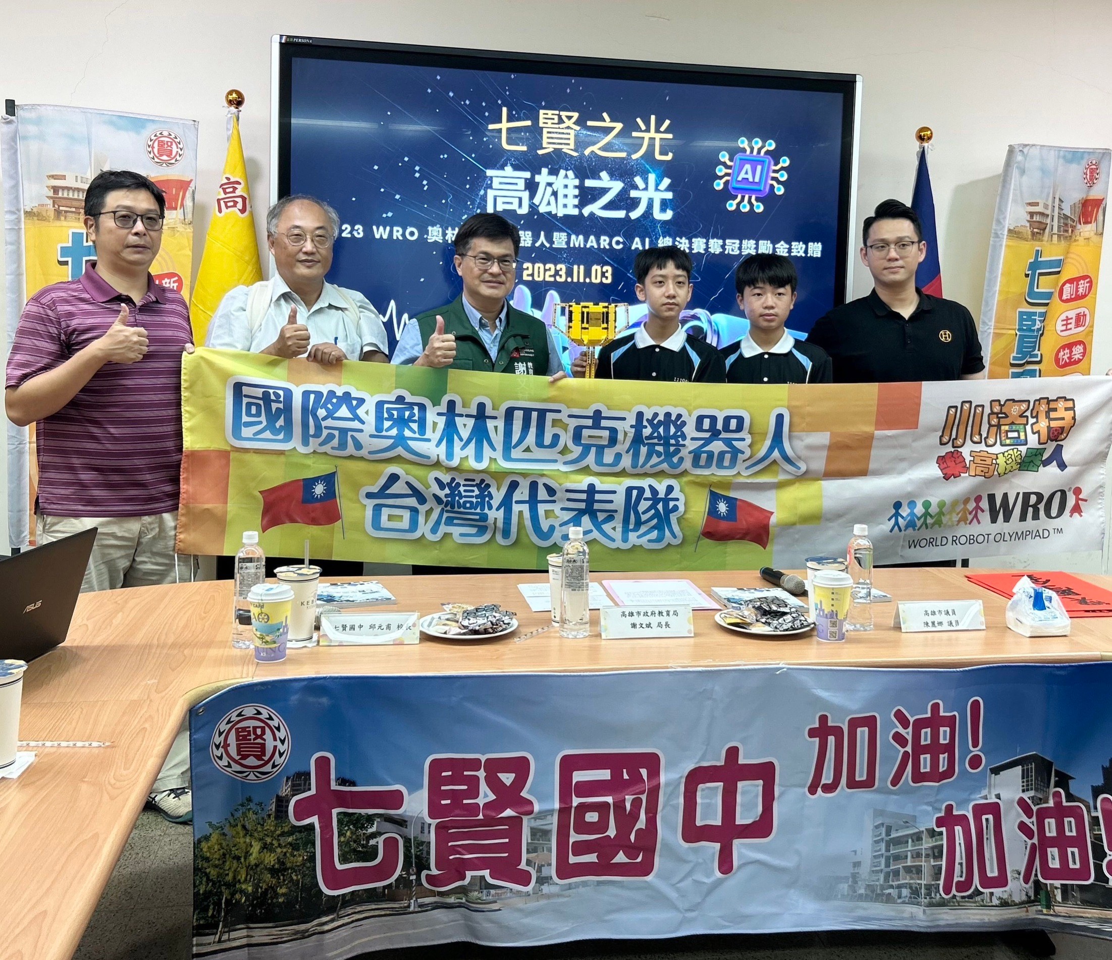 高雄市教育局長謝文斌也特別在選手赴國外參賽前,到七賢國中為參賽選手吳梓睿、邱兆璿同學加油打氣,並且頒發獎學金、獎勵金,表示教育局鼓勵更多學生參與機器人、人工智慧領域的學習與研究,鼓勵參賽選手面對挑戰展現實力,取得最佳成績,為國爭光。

--

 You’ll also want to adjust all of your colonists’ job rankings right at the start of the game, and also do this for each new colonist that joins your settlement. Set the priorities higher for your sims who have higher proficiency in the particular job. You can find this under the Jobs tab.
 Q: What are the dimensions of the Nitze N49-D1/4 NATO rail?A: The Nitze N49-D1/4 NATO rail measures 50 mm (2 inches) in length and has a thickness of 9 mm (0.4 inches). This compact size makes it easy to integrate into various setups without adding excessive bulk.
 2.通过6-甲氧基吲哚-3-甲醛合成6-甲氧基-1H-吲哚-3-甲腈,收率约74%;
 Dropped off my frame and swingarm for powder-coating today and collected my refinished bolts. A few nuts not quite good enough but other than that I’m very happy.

**DIRECTIONS**.
Your response must be one number, namely how many lines of the data contain the string "that".

**COMPLETED EXERCISE**.
2